Sergio Ramos nie raz, nie dwa (i nie trzy, i nie cztery, i… zresztą, sami wiecie) udowadniał, że prawdziwy z niego gamechanger. Że jak trwoga, to zanim do Boga, najpierw należy udać się właśnie do niego. Bo mało kto ma na swoim koncie tyle kluczowych bramek, co właśnie stoper Realu Madryt.
Zwykle schemat jest dość prosty.
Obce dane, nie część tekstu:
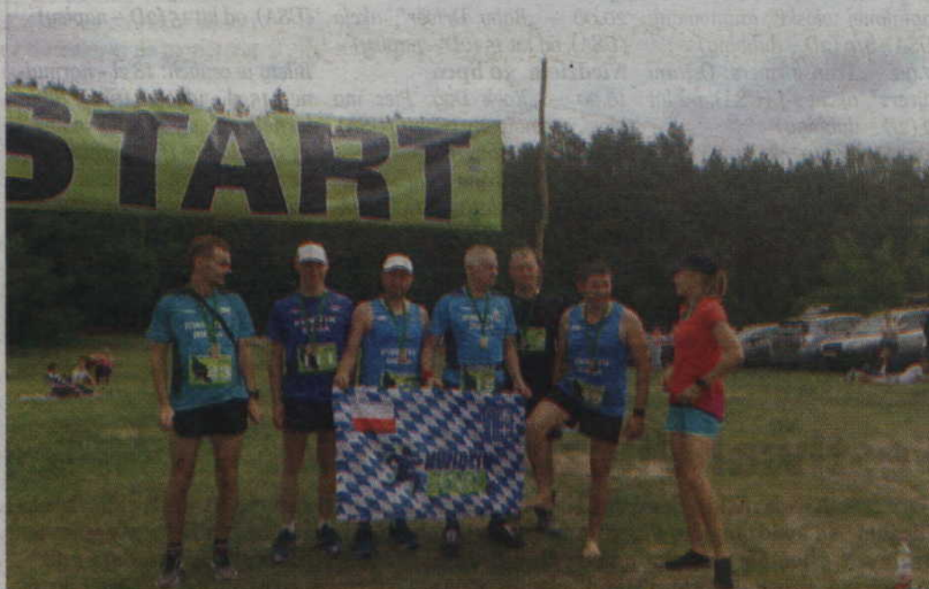
W I półmaratonie nie mogło zabraknąć zawodników ze stowarzyszenia Kwidzyn Biega.

Trasa nie należała do najłatwiejszych. Mówili o tym uczestnicy sportowego, leśnego aramgedonu. Na trasie były m.in. odcinki, na których trzeba było pokonywać przeszkody wodne. Organizatorzy zadbał także o to, aby bieg minimalnie ingerował w środowisko leśne. Uczestnicy dostosowali się do próśb i na trasie biegu wszystkie śmieci wy-
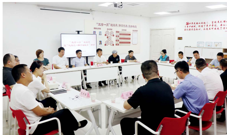
郑州市金水区凤凰台街道开展“三官一员”进站点暨“代表统一接待选民日”活动

开展法治宣传教育。 公、检、法、司工作人员下沉到站点和街道社区,通过普法宣传讲座、播放自制微电影等形式开展法治宣传教育,推进全民遵法、学法、知法、用法、守法;参与“代表统一接待选民日”活动,现场解答物业纠纷、邻里矛盾、合同纠纷、识别防范电信网络诈骗进行普法宣讲,就相邻权、民间借贷、财产继承解答咨询;立足典型案例,分析如何防范和化解企业经营风险,深入企业
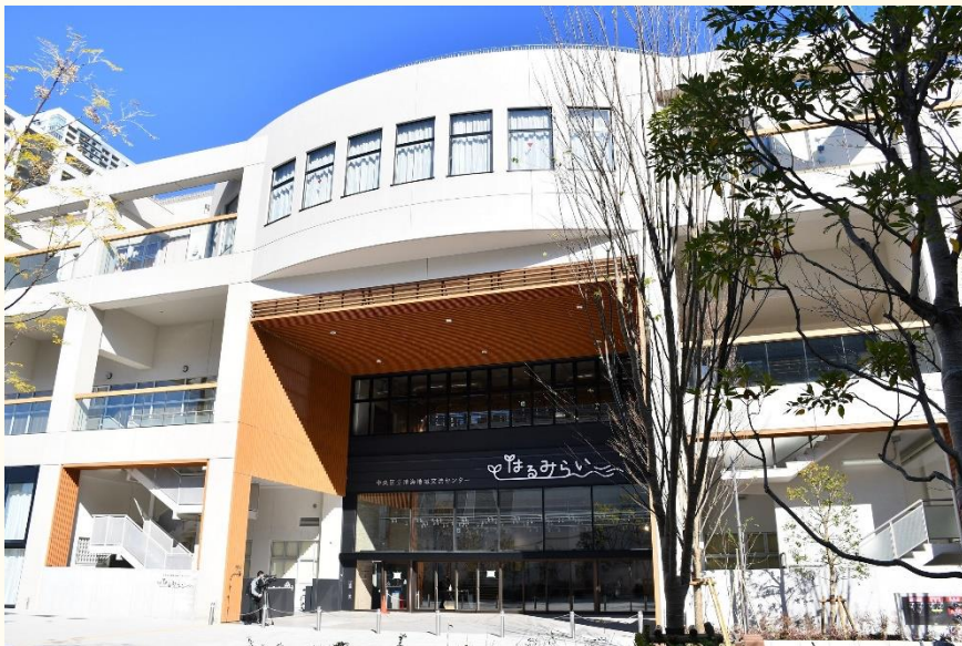
晴海地域交流センター「はるみらい」
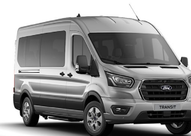
Moondust Silver Metalliclack*
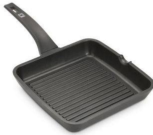
Bistecchiera Induction PRO 8212 000
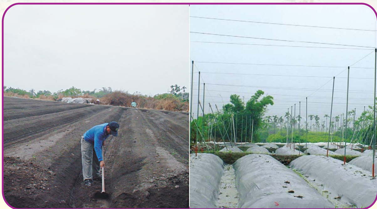
木瓜田區需排水良好並作高畦防浸水

另外，一般選地栽植木瓜，多數選擇排水良好之壤質砂土、砂質壤土或壤土，進行木瓜栽種，但不同土壤質地之保肥能力也有所差異。一般而言，土壤質地孔隙越大者，其保肥能力越差。就以排水良好並適合栽種木瓜之土壤進行比較，其保肥能力：壤土 > 砂質壤土 > 壤質砂土，而施肥方式與次數，則依土壤質地之不同而有所差異。以保肥能力較差之壤質砂土為例，全量肥料之使用，則需分多次少量施用，以避免土壤對肥料之緩衝能力不足，造成植物體鹽害（肥傷）與肥料的流失。
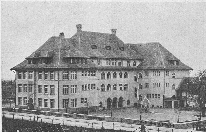
Abb. 6. Hofansicht des Letten-Schulhauses, aus Norden.

Im Innern berührt angenehm die abwechslungsreiche Führung der Treppen und die Weiträumigkeit der Korridore (Abbildungen 8 bis 11, Seite 274 und 275). In je einem geraden Lauf erreicht man
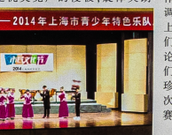
梦想的乐章——2014年上海市青少年特色乐队展演
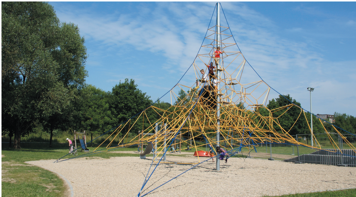
Spielplatz Am Regen
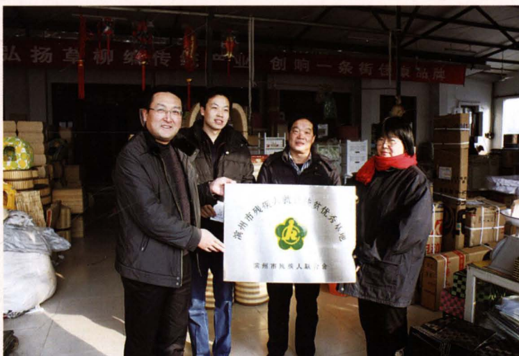
县残联为残疾人 就业扶贫基地授牌
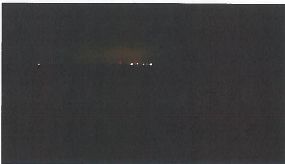
De industriehaven van Harlingen bij nacht, gezien vanaf de dijk bij Sexbierum. Twee felle lampen vallen meer op dan het schijnsel van de stad als geheel.

Voor zover in het waddengebied sprake is van effecten op de kwaliteit van de duisternis van de Waddenzee heeft dit vooral betrekking op de havens. Indien hier in het bestemmingsplan een afweging is gemaakt als in 2.5.5 ('nee-tenzij') is dit overeenkomstig het Barro.
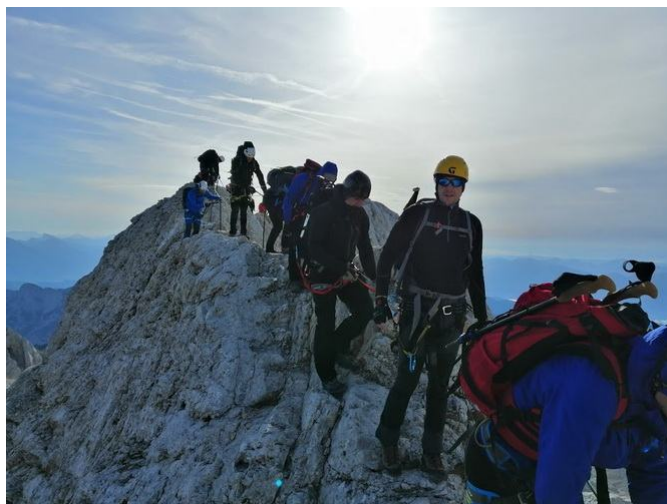
Slika 6. Planinarenje na planini Triglav
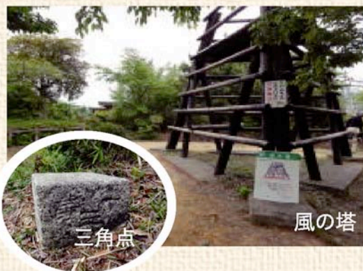
平草原は「風の塔」の奥に一等三角点があります。

た。県内の一等三角点はコウノ巣山(友ヶ島)、陣ヶ峰、生石山、明神山、城ヶ森山、真妻山、西山、楨山、平草原、法師山、善司ノ森山、峯ノ山、八郎山、烏帽子山の14座が在ります。一等三角点巡りも楽しいものですが如何ですか。手始めに平草原で三角点を探してみてもどうでしょう。ここは水平方向の移動を観測する菱形基線測点と、緯度と経度を測る天測点もある珍しい場所です。一等三角点は18cm角と一番大きく、石で囲われたり大事にされている所が多いのですが、友ヶ島の三角点は特に仰々しく扱われています。通常、文字を刻んだ面は苔が生えないように南向きに埋設されていますが、何故か平草原だけは西向きでした。
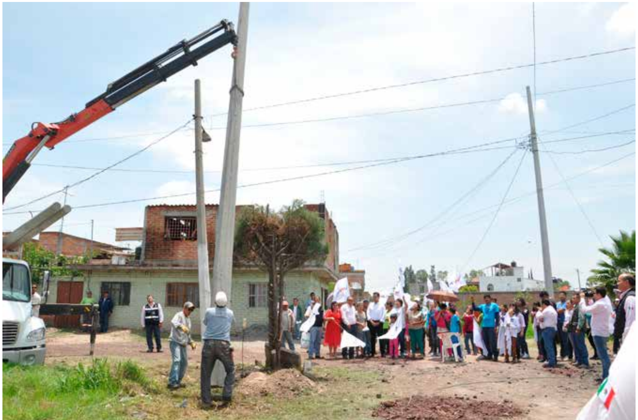
Ampliación de línea eléctrica, Col. Ampl. El Rosario
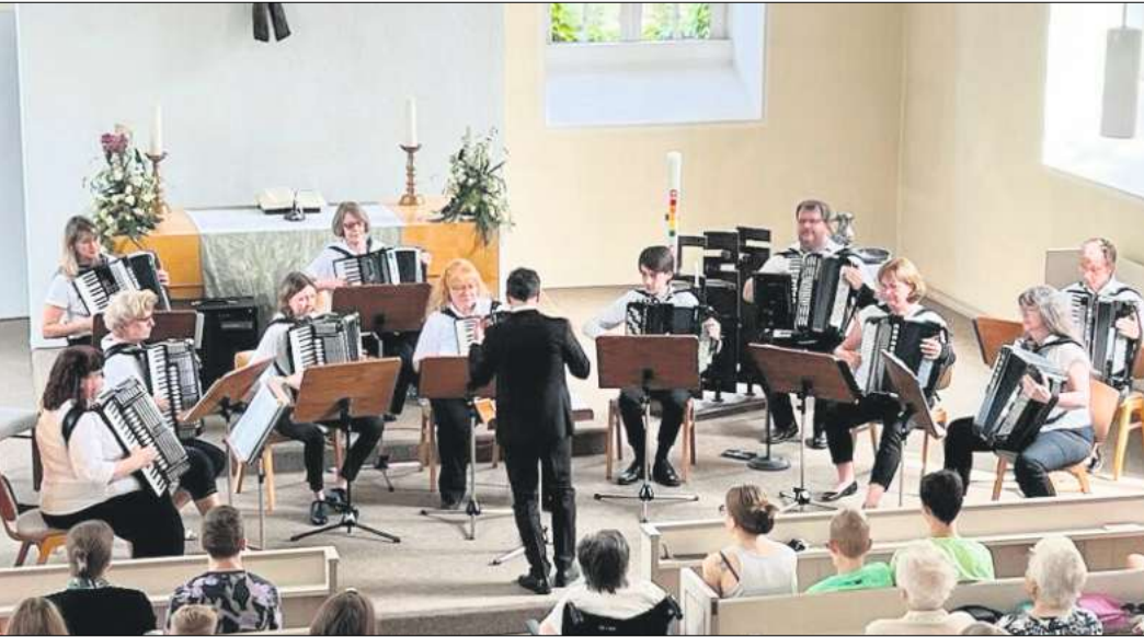
Erst nach zwei Zugaben entließ das Publikum das Orchester.
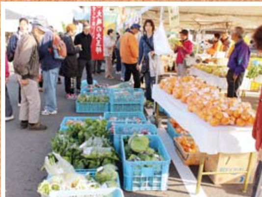
●大磯で栽培された野菜と果物たち (大磯ふれあい農水産物まつり) 11/23 大磯港

町の人口と世帯 12月1日現在 人口 32,440 (+22) 男 15,815 (+11) 女 16,625 (+11) 世帯 12,854 (+19) ( ) は前月比
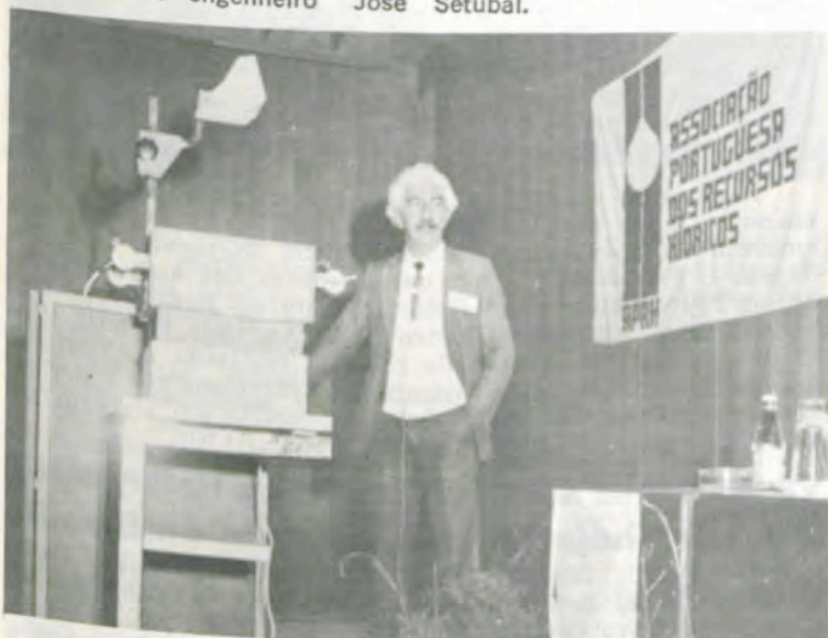
O representante da UFV, ao fazer sua palestra.

Foram visitadas também a Usina Hidrelétrica de Castelo do Bode, a maior de Portugal, reguladora do sistema Zêzere-Tejo. Ali, o representante da UFV discorreu, para os membros da administração do complexo, sobre o sistema energético brasileiro, principalmente o Programa Nacional de Pequenas Centrais Hidrelétricas, que despertou especial interesse nos técnicos portugueses. As visitas estenderam-se às estações de tratamento de água, para o atendimento de Lisboa, e de esgotos, na cidade de Setúbal.
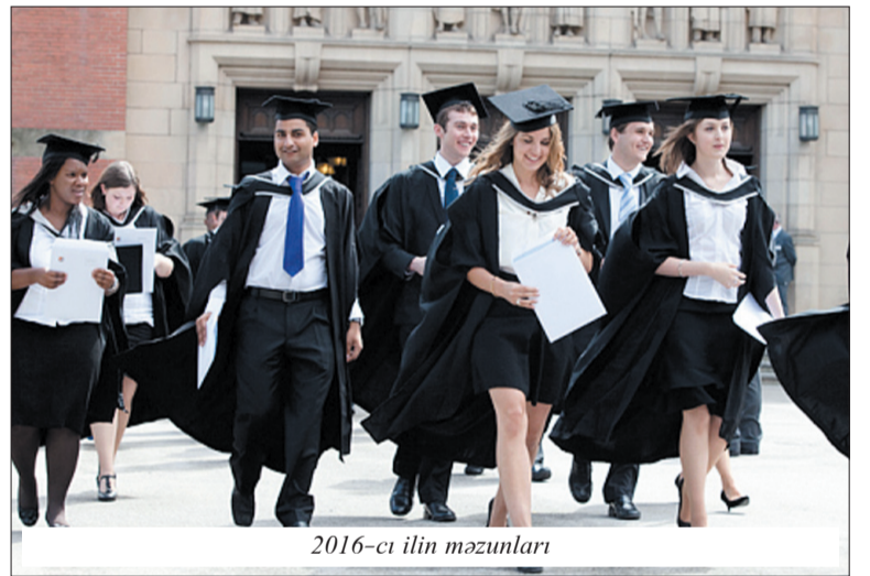
2016-cı ilin məzunları
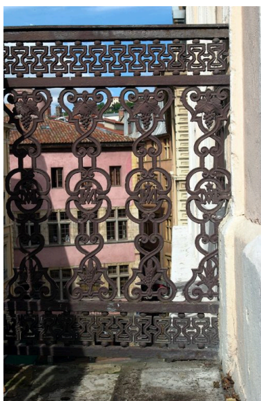
Détail du garde-corps du balcon de l'appartement du 4e étage carré construit pour un ecclésiastique IVR82_20046905225NUCA
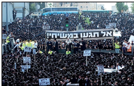
מי מעוניין בהתססת הציבור החרדי?

מדינה יכולה לכפות דברים על הפרט. אין בכוחה לנהוג דורסנות כנגד ציבור גדול, במיוחד בדברים הנוגעים לאמונה ולאורחות חיים
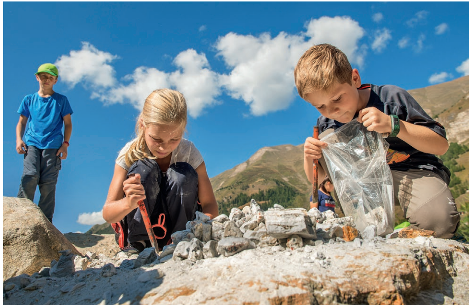
Schüler auf Mineraliensuche vor der Mineraliengrube Lengenbach im Landschaftspark Binnthal
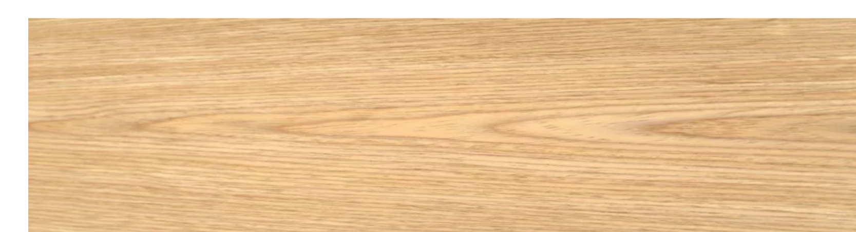
OAK _ EICHE
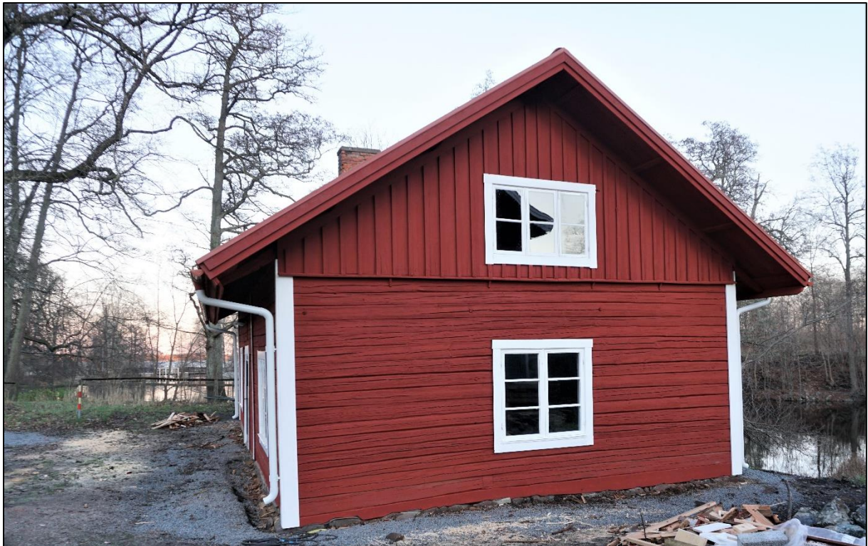
Södra gaveln, 23 november 2020
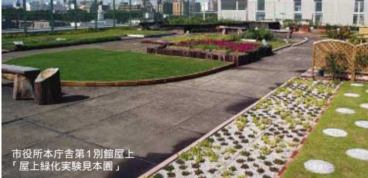
市役所本庁舎第1別館屋上 「屋上緑化実験見本園」

屋上緑化は、都市に新たな緑を創りだし、身近な暮らしに潤いを与えるものとして注目されています。今年5月に開園した実験・見本園の技術やしぐみを知っていただき、将来の快適な都市環境を考える機会にはいかがですか。
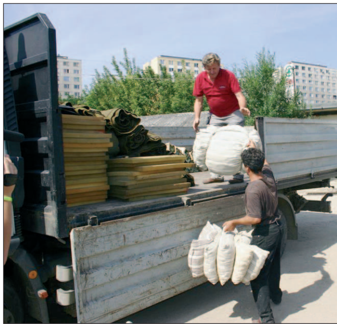
Alsóvadász, Szikszó, Mád, Tályá – képviselői teherautókkal el is szállították.

A Honvédelmi Minisztérium intézkedése nyomán tíz megye legérzékenyebb települései részesülnek árvízvédelmi eszközökben. Megyénkben tizenhat, leginkább rászoruló település kapott a szállítmányból, amely ásókból, lapátokból, csákányokból, ágybetétekből, fejpárnákból, takarókból, lepedőkből áll. A Budapestről érkező szállítmányt szerdán Gyárfás Ildikó, a Megyei Védelmi Bizottság elnöke fogadta. Az árvízvédelmi eszközöket a helyszínen kiosztották, és az érintett települések – többek között Encs, Szerencs, Sárospatak, Boldva,
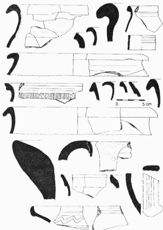
Obr. 2. Budkov – zámek – keramika z vnitřního nádvoří zámku z 15.-16. století. Budkov – Schloß – Keramik aus dem Innenhof des Schlosses aus dem 15.-16. Jahrhundert.

branou pak byl zachycen průběh barokního cihelného mostu, který překlenul původní středověký příkop po zániku jeho funkce. Na čtyřech místech pak byly zachyceny zbytky kamenné, pravděpodobně parkánové hradby o šířce 1 m. Nalezená keramika patří do průběhu 15. a 16. století.
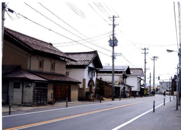
【写真1】店蔵が並ぶ町並み
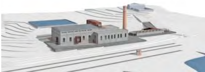
3. Proyecto de Adaptación de la Central Térmica de Corrales a Centro Cívico (vistas exteriores)
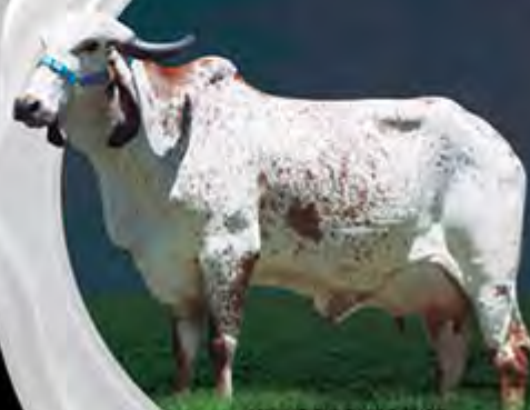
HARPADA TE BJS MÃE

Mais uma doadora de muita confiança da seleção Basa sendo ofertada!!! Liga FIV do Basa ultrapassou os 11.300 kg de leite/real, GPTA/Leite de 439 kg, fertilidade garantida e muita força leiteira em seu fenótipo. Oportunidade de adquirir uma doadora jovem, provada e principalmente pronta para ser multiplicada todo seu potencial genético. Prenha do JACUSTOR com p. parto para 28/12/19.
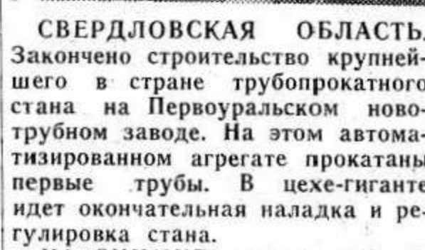
СВЕРДЛОВСКАЯ ОБЛАСТЬ. Закончено строительство крупнейшего в стране трубопрокатного стана на Первоуральском новотрубном заводе. На этом автоматизированном агрегате прокатаны первые трубы. В цехе-гиганте идет окончательная наладка и регулировка стана.

Передовая статья нацеливает колхозников на решение новых больших задач. Нынче под посевами кукурузы будет занято более 100 гектаров. Значительно увеличиваются посевы зернобобовых культур, сахарной свеклы. Понятно, что пропашные культуры требуют большого количества органических удобрений. Чтобы получить хороший урожай этих культур, запланировано вывезти на поля 14 с половиной тысяч тонн органических удобрений. А вывезено их немногим более 5 тысяч

Jeżeli Real nie ma takiego wyniku, na jakim Królewskim zależy, a jednocześnie w końcówce spotkania (choć niekoniecznie) ustawia piłkę w narożniku boiska, to człowiek obsługujący tablicę wyników może odkładać kawę i kanapkę na bok i szykować się do spełnienia swojej powinności.
Jeśli jednak myślicie, że Ramos wyłącznie pakuje piłkę do siatki głową, bardziej ekwilibrystyczne rozwiązania zostawiając innym, to pewnie nie widzieliście, jakie cudo potrafił zapakować klubowi, który piłkarsko go wychował. Na jego stadionie. Przewrotką.
A, oczywiście tradycyjnie już zmieniając przy tym wynik na korzyść Realu – z 0:0 na 1:0.